Борис неопределенно хмыкнул и, смешно сморщив нос, покачал головой:

— Очень мало.

Мы замолчали. Я уже собрался уходить, как Борис, точно вспомнив о чем-то важном, спросил меня:

— Ты знаешь кого-нибудь из Института редких земель?

— Кое-кого знаю. А что?

— У меня к тебе большая просьба, — Борис встал из-за стола и подошел ко мне, — помоги достать немного гольмия.

— Сколько это — немного?

— Несколько граммов. Пять-шесть.

— Ого! — Я вскочил и уставился на этого сумасшедшего, захотевшего получить несколько граммов металла, даже окись которого стоит в триста двадцать раз дороже чистого золота.

Борис успокаивающе похлопал меня по спине.

— Садись, садись. Я все прекрасно понимаю. Дело в том, что столько гольмия у них найдется. Им он все равно не нужен. Ведь этот металл нигде не применяется. Зато мне…

Борис выдвинул ящик стола и достал папиросную коробку «Казбек». Между двумя слоями ваты в ней были аккуратно уложены металлические шарики.

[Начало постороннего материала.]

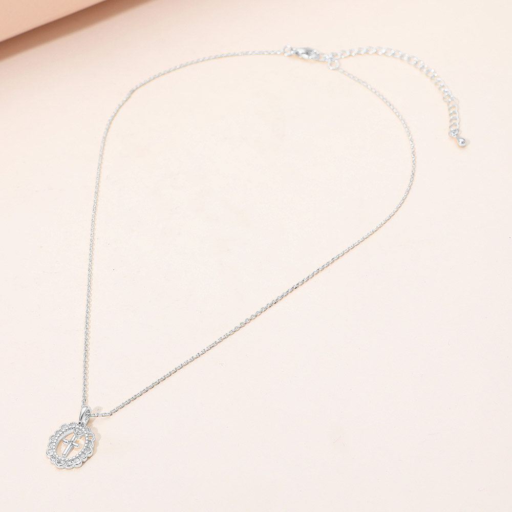 • This elegant oval cross pendant necklace exudes timeless grace and faith-inspired charm. The delicate chain and polished pendant create a refined silhouette, making it a meaningful accessory that adds a touch of serenity and sophistication to any outfit, day or night.

— Вот этот, — Борис протянул мне серебристый шарик, — сплав магния, кобальта и сурьмы, — совершенно испаряется в вакуумной камере за три часа. То же было с шариками из кадмиевых и цинковых сплавов. Все они превратились в тонкий слой металла, нанесенный на стенки камеры. С шариками же из железа, стали и золота как будто ничего не происходило. И все-таки, когда я взвесил их после тридцатишестисуточного пребывания в камере, то обнаружил потерю в весе в девятом знаке после запятой. И это у меня на установке. А что будет в космосе… Три года я искал нужный сплав, пока не получил вот это.

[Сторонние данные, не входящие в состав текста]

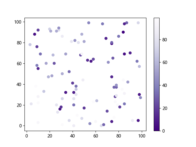 # 这三行代码使编译器能够绘图: import sys import matplotlib matplotlib.use('Agg') import matplotlib.pyplot as plt import numpy as np # 生成随机数据: x = np.random.randint(100, size=(100)) y = np.random.randint(100, size=(100)) colors = np.random.randint(100, size=(100)) # 使用 Purples_r 配色方案绘制紫色反向渐变色散点图: plt.scatter(x, y, c=colors, cmap='Purples_r') plt.colorbar() # 显示颜色条 plt.show() # 显示图形 # 这两行代码使编译器能够输出图形: plt.savefig(sys.stdout.buffer) sys.stdout.flush()
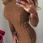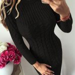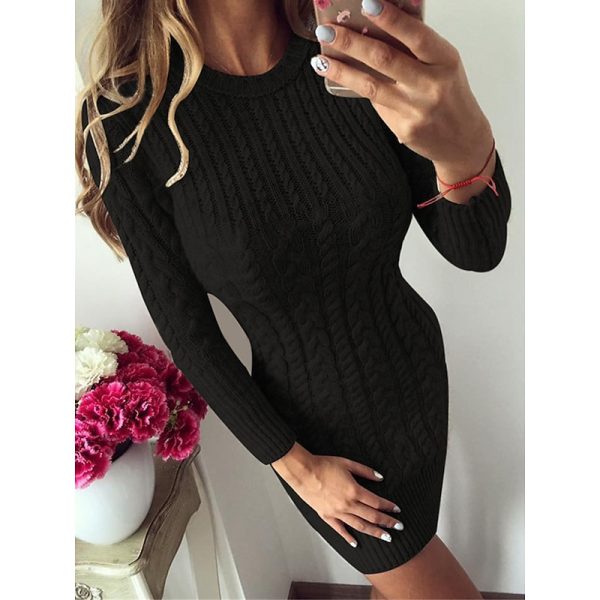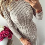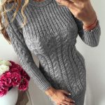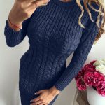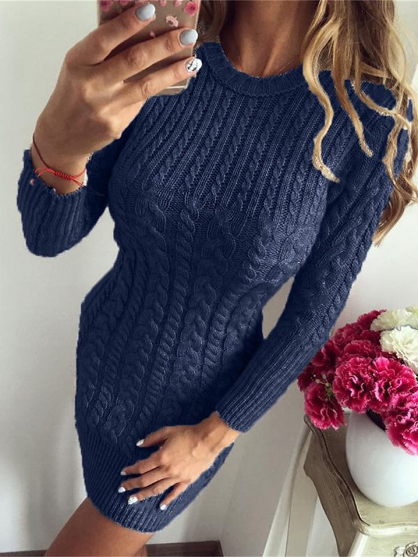Cable Knit Crew Neck Sweater Dress Silver & Light Blue Hollow Out

Борис осторожно, даже как-то любовно вынул из ваты нежно-голубой шарик с золотым отливом, немного подержал его и так же осторожно положил на место.

— А что это? — спросил я с любопытством.

— Золото, самарий, гольмий. Мне нужен гольмий. Понимаешь?

— Понимаю, Борь. Материал для межзвездных кораблей не должен испаряться в пространстве. Такой материал нужен всем. Ты получишь гольмий!

— Ну, ну, не надо патетики, — сказал мой друг, улыбаясь и мягко, но настойчиво выпроваживая меня из лаборатории.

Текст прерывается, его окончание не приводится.